The goal is to overhaul the company, after the $1.3 billion (£860m) accounting scandal.
"The latest accounting problems might have been driven by the fact that some of our businesses have lost earnings power. We must urgently take action in these businesses," Chief Executive Masashi Muromachi told a roundtable of reporters.
To get things done the right way, Toshiba has formed a management team, a move which was welcomed by shareholders.
Muromachi said that the restructuring steps may temporarily hurt the company's capital base, already weak compared with rivals such as Hitachi.

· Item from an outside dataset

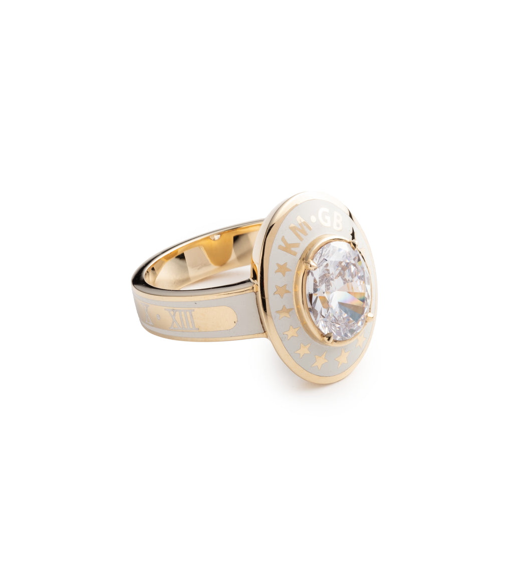 Crafted in 18K yellow gold and cream ceramic, our True Love Cigar Band features a center diamond. The ring is a visual reminder of love’s lasting bond, a tangible memento of two hearts united. Customizable to your unique story, the circumference of the band can be embellished with characters most meaningful to you. The quantity of characters is dependent on ring size.

Being placed on the Tokyo Stock Exchange's watch list, Toshiba is practically unable to raise funds through bond and equity issuance.
Muromachi added that, if need be, Toshiba can look to banks for loans.
Toshiba's nuclear power business, which has been the centre of investor attention, may need a partner, he said.
"The environment for the nuclear business is tough in Japan, and we need to address various issues to meet revised U.S. regulatory rules," he said.
Analysts have long speculated that the value of assets and goodwill related to Toshiba's 87 per cent stake in U.S. nuclear unit Westinghouse Electric has been overstated, though the company has insisted that there is no need for a write-down at least for now.
Toshiba paid $5.4 billion (£3.5bn) for a majority stake in 2006 at the height of the nuclear industry boom. But the Fukushima disaster and the U.S. shale boom have reduced the appeal of nuclear power.